Thank you very much !! ---- Can I assume that the remainder of the rim which was uncovered was factory painted the same color as the car?


----------



## SANDU002 (Oct 13, 2004)

That is incorrect. They were painted black.


----------



## 05GTO (Oct 6, 2004)

The wheel options for 67 were; 

452 - Wire Wheel Disc
453 - Rally II wheels
454 - Rally I wheels
458 - Custom Wheel Disc 
461 - Deluxe Wheel Disc 

The poverty hub caps are not pictured in the 64-72 restoration guide under 67 models. The Wire, Custom and Deluxe Disc are all hub caps covering the entire wheel. (page 111)


----------



## lars (Sep 28, 2004)

05GTO said:


> The wheel options for 67 were;
> 
> 452 - Wire Wheel Disc
> 453 - Rally II wheels
> ...


That info is correct - those are the optional wheel covers for 1967. The 1967 Pontiac and GTO Sales Literature (I have an original copy in front of me) shows the Wire Wheel Disc, the Custom Wheel Disc, and the Deluxe Wheel Disc (in addition to the Rally I and Rally II) to be "Extra Cost." The standard "No Cost" configuration is the simple "poverty cap," and it is not shown in the sales literature for any year, even 1964. I have an original GTO "poverty cap" hanging on my workshop wall.. they really do exist. The wheels were painted black when used with the poverty cap. :cheers


----------



## 05GTO (Oct 6, 2004)

lars said:


> That info is correct - those are the optional wheel covers for 1967. The 1967 Pontiac and GTO Sales Literature (I have an original copy in front of me) shows the Wire Wheel Disc, the Custom Wheel Disc, and the Deluxe Wheel Disc (in addition to the Rally I and Rally II) to be "Extra Cost." The standard "No Cost" configuration is the simple "poverty cap," and it is not shown in the sales literature for any year, even 1964. I have an original GTO "poverty cap" hanging on my workshop wall.. they really do exist. The wheels were painted black when used with the poverty cap. :cheers


Thanks, I've never seen the poverty caps on a GTO. Were any of these offered on the GTO?


----------



## lars (Sep 28, 2004)

Yes. In the bottom row of the photo, the caps on the far left and far right were standard GTO caps.

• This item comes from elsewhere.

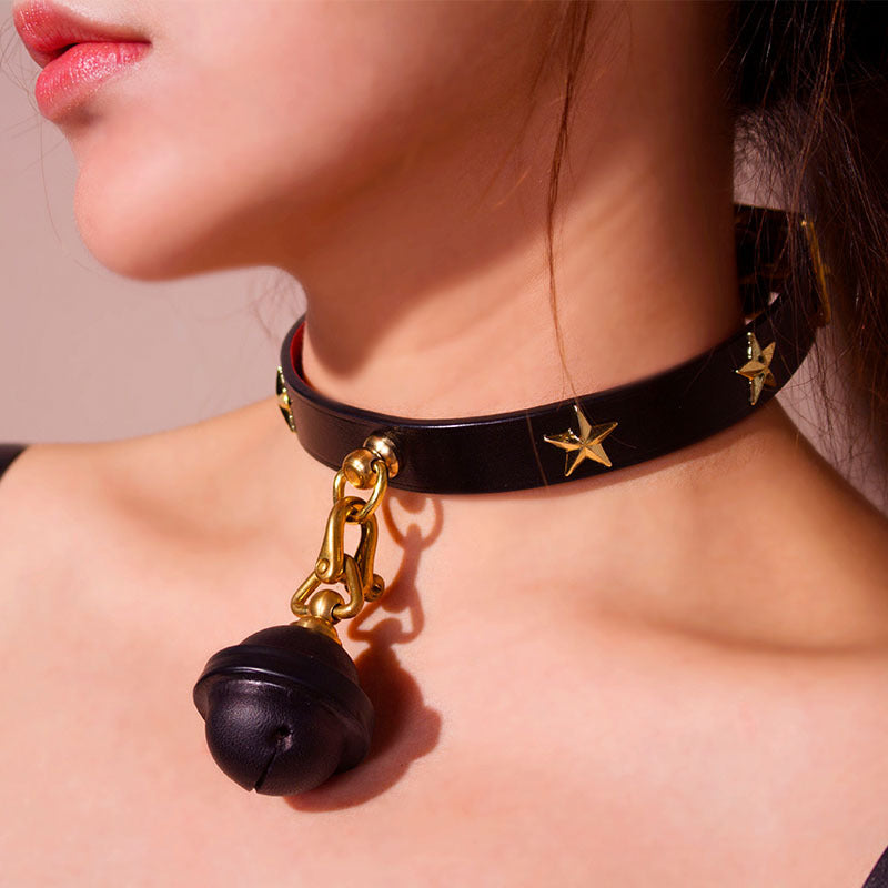 Sexy leather bell female slave torture collar-8pcs set

You didn't see too many GTOs delivered with the poverty caps. Since the GTO was an upscale version of the LeMans (not cheap), most people didn't skimp the few bucks that were required to get a notch above the poverty level. As time has gone on, almost every GTO on the road has been converted to Rally wheels or aftermarket wheels - you'd think every early GTO delivered came with Rally I's if you've ever attended a GTOAA show... I've only seen a few GTOs that have been restored with the poverty caps, and they actually look pretty cool when you've been OD'ed with Rally wheels.:cool


----------



## judgeman6970 (Feb 11, 2007)

not all correct info....on "certain" color cars, the wheels(with poverty caps) were painted body color....on other colors, the wheels were painted black!!


----------



## Iras67 (Jun 20, 2013)

*Custom Wheel Disks*

Take a look at my original thread "Iras67". The pictures show the Custom Wheel Disks 458 option as well as the PHS documentation showing the car ordered this way. They are very unique as every 1967 GTO I have seen (I am new at this still) seems to have the Rally wheels. I saw one at a Cruise In that had the poverty caps. Enjoy!


----------



## Mr.409 (Apr 22, 2017)

Hi Friends
what means in 1966 the Order-Number 458 Custum Wheel Discs, is this a Hub Cap, or what
I have a 66 GTO and the PHS says that the car goes out on the assembly line with the option 458 Custom Wheel Discs
Thanks for Info


----------



## GTOJUNIOR (Aug 7, 2011)

CUSTOM WHEEL DISC/COVERS;


----------



## Mr.409 (Apr 22, 2017)

thank you GT0 Junior


----------



## pjw1967 (Mar 10, 2014)

If you look at page numbered 10 of the attachment, (pg 6 of pdf), there are representations of all the wheel treatments. We had steel wheels and "deluxe" hub caps on our new '67, purchased 50 years ago this month from Allen Pontiac in Belleville, NJ.


----------



## GTOJUNIOR (Aug 7, 2011)

FWIW below are actual Dealer catalog pages with wheel cover and/or rim offerings for '66 & '67.
The only cap not shown was the base poverty car, sometimes refereed to as a Dog Dish, this was what one would get if he or she did not want to pay for any upgrade/options.
These would be a small center cap to cover just the lug nuts and came on stock black steel rims, unless the buyer wanted to take advantage of the optional rim paint colors outlined as "Suggested Colors" on the chip charts. IIRC there were about 6 colors choices and white was never one of them. 
The Poverty caps have been a favorite choice of many owners/restorers but IMO over the past several years they have been over done/used. 
They look cool but now everyone seems to be sporting them. Original wheel disc are nice if you're retaining the stock look. 1966 Custom's are seldom seen. I had the '67 CUSTOMS on my '67 GTO and never liked them. Now try and find a decent set 

1966;









1967:


----------



## 57devinnn (Nov 23, 2018)

I purchased a 1967 GTO (in aug 1967) that came with the deluxe hub caps and 7.75 x 14 whitewall tires. The window sticker listed the hubcaps and tires as a "no cost option". Warren


----------



## GTOJUNIOR (Aug 7, 2011)

It wasn't uncommon for a dealer to wheel & deal with a customer on options.
Likely rolled into a Decor group option and/or other option to make the customer feel they were getting something for nothing.
We all know better :wink3: 
I'll bet the dealer made that $17 back on other options.:grin2:


----------



## gtoearl (Dec 21, 2009)

pjw1967 said:


> If you look at page numbered 10 of the attachment, (pg 6 of pdf), there are representations of all the wheel treatments. We had steel wheels and "deluxe" hub caps on our new '67, purchased 50 years ago this month from Allen Pontiac in Belleville, NJ.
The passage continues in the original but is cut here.